§ **RECORDS TO USE**:
++++++

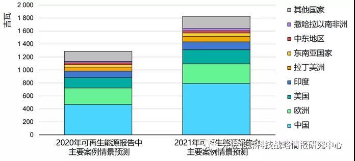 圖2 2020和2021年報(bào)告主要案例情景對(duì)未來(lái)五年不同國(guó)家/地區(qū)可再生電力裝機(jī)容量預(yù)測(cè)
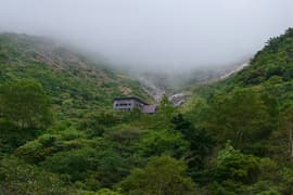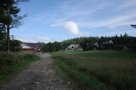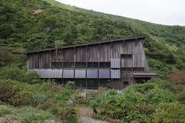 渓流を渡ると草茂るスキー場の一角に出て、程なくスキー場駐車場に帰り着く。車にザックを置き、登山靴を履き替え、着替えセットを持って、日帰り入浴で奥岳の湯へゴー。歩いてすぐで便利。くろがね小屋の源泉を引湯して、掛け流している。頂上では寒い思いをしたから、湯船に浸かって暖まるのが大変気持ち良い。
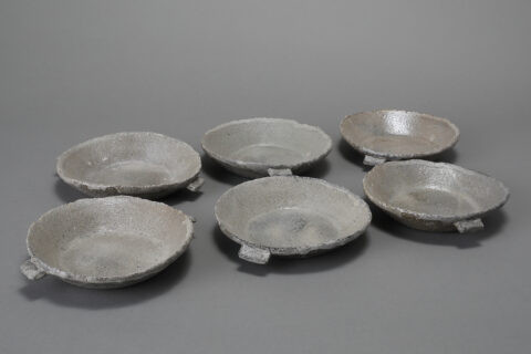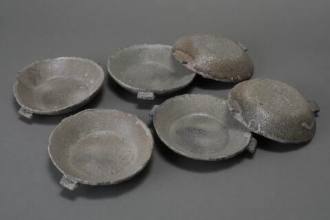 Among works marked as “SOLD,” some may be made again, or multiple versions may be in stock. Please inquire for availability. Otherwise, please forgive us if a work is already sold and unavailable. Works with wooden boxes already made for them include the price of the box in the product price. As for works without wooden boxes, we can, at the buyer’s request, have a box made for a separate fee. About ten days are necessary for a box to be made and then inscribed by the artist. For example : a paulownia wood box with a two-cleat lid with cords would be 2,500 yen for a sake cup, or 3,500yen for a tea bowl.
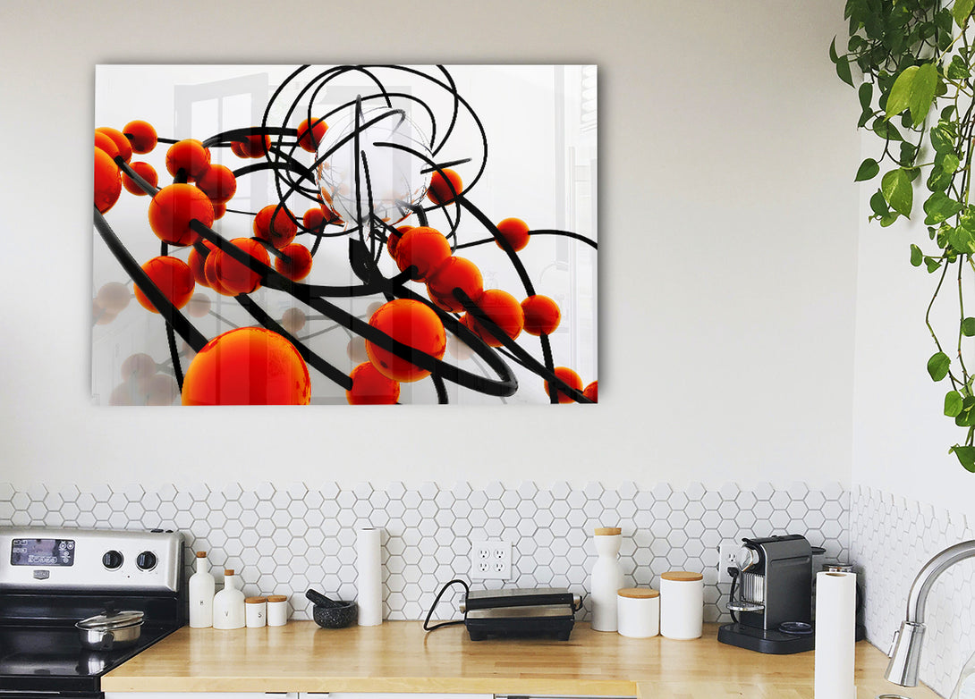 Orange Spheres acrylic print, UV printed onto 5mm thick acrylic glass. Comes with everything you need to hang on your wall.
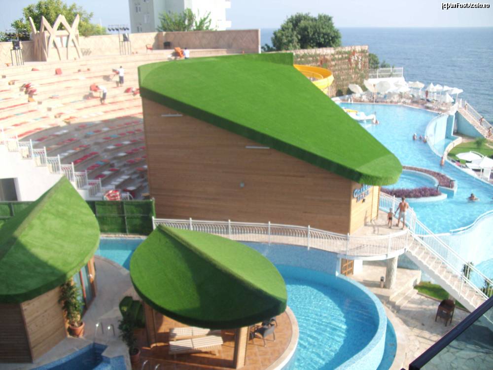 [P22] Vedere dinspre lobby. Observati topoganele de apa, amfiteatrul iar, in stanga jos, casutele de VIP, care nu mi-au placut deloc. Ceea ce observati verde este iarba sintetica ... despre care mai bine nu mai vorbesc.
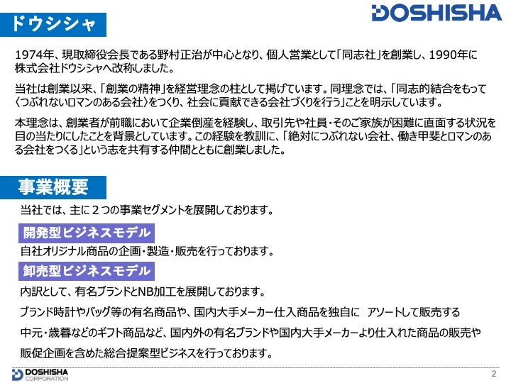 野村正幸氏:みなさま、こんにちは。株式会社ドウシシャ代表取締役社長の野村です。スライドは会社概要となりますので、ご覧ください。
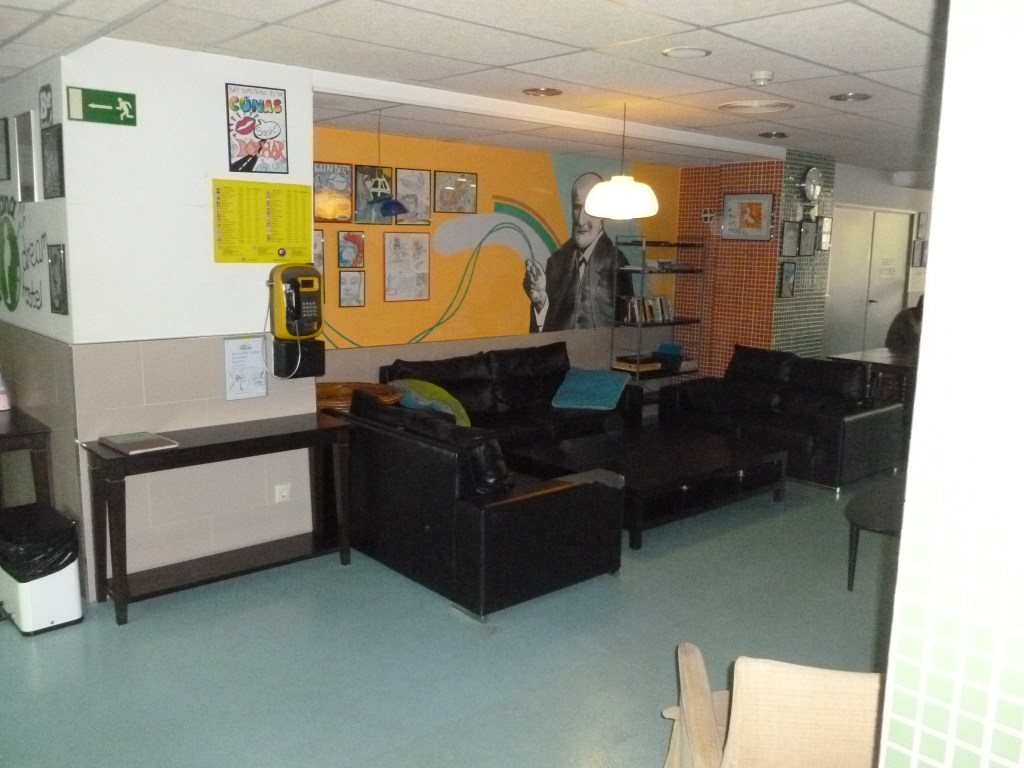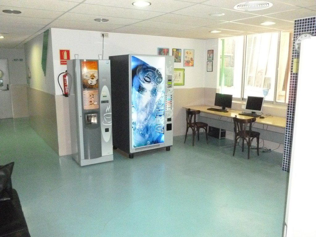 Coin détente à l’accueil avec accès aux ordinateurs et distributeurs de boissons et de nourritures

++++++

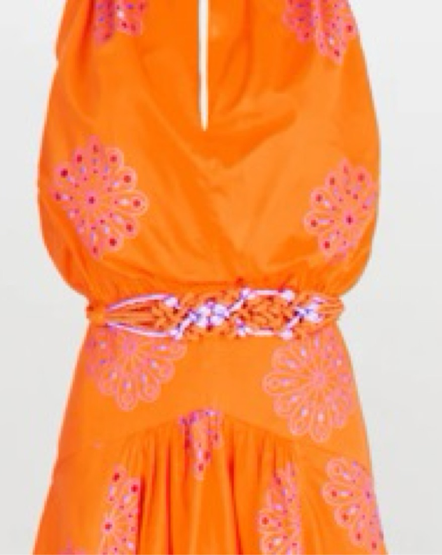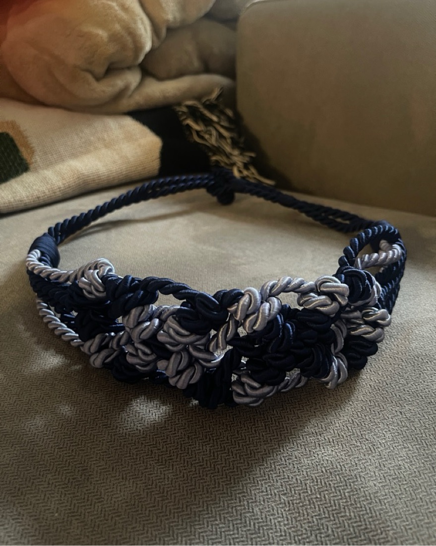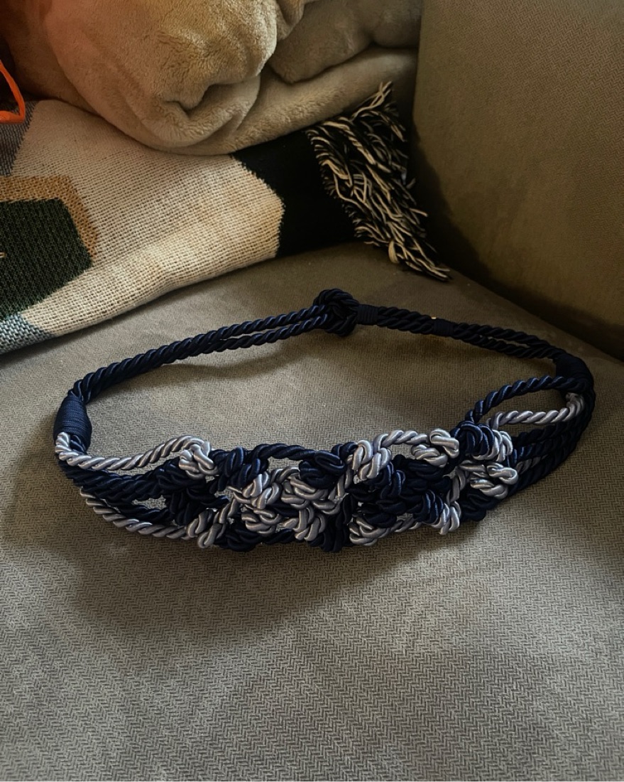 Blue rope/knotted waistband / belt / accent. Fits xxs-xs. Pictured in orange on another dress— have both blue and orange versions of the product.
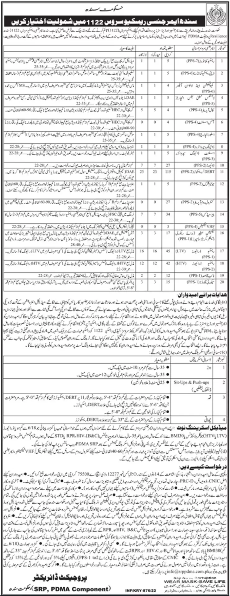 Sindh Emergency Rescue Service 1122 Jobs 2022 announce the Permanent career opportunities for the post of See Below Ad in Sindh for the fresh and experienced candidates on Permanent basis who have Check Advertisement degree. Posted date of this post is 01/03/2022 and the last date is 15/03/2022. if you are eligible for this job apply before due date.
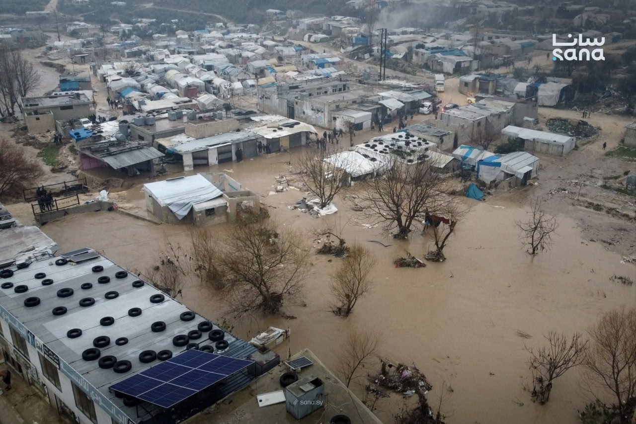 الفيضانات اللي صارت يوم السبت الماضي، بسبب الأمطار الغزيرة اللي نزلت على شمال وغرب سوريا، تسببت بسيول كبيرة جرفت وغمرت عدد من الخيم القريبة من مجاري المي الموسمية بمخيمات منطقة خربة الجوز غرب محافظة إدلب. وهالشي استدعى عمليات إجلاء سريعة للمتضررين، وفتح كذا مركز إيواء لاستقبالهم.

++++++

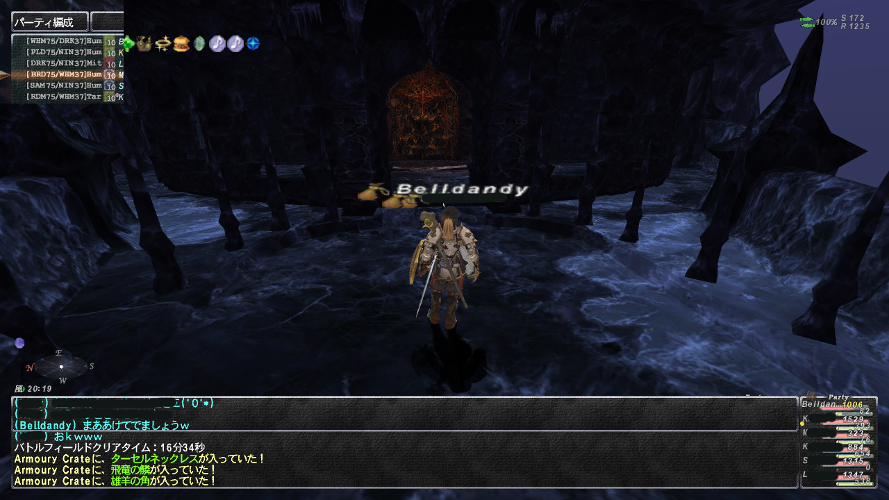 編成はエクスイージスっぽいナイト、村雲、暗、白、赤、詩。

++++++

§ **WHAT TO PRODUCE**:
The response must repeat exactly the lines above from the one with "圖2 2020和2021年報" through the one with "[P22] Vedere dinspre", including both, and must contain no pictures and no other text.

§ **RESULT FOR THIS EXERCISE**:
 圖2 2020和2021年報(bào)告主要案例情景對(duì)未來(lái)五年不同國(guó)家/地區(qū)可再生電力裝機(jī)容量預(yù)測(cè)
 渓流を渡ると草茂るスキー場の一角に出て、程なくスキー場駐車場に帰り着く。車にザックを置き、登山靴を履き替え、着替えセットを持って、日帰り入浴で奥岳の湯へゴー。歩いてすぐで便利。くろがね小屋の源泉を引湯して、掛け流している。頂上では寒い思いをしたから、湯船に浸かって暖まるのが大変気持ち良い。
 Among works marked as “SOLD,” some may be made again, or multiple versions may be in stock. Please inquire for availability. Otherwise, please forgive us if a work is already sold and unavailable. Works with wooden boxes already made for them include the price of the box in the product price. As for works without wooden boxes, we can, at the buyer’s request, have a box made for a separate fee. About ten days are necessary for a box to be made and then inscribed by the artist. For example : a paulownia wood box with a two-cleat lid with cords would be 2,500 yen for a sake cup, or 3,500yen for a tea bowl.
 Orange Spheres acrylic print, UV printed onto 5mm thick acrylic glass. Comes with everything you need to hang on your wall.
 [P22] Vedere dinspre lobby. Observati topoganele de apa, amfiteatrul iar, in stanga jos, casutele de VIP, care nu mi-au placut deloc. Ceea ce observati verde este iarba sintetica ... despre care mai bine nu mai vorbesc.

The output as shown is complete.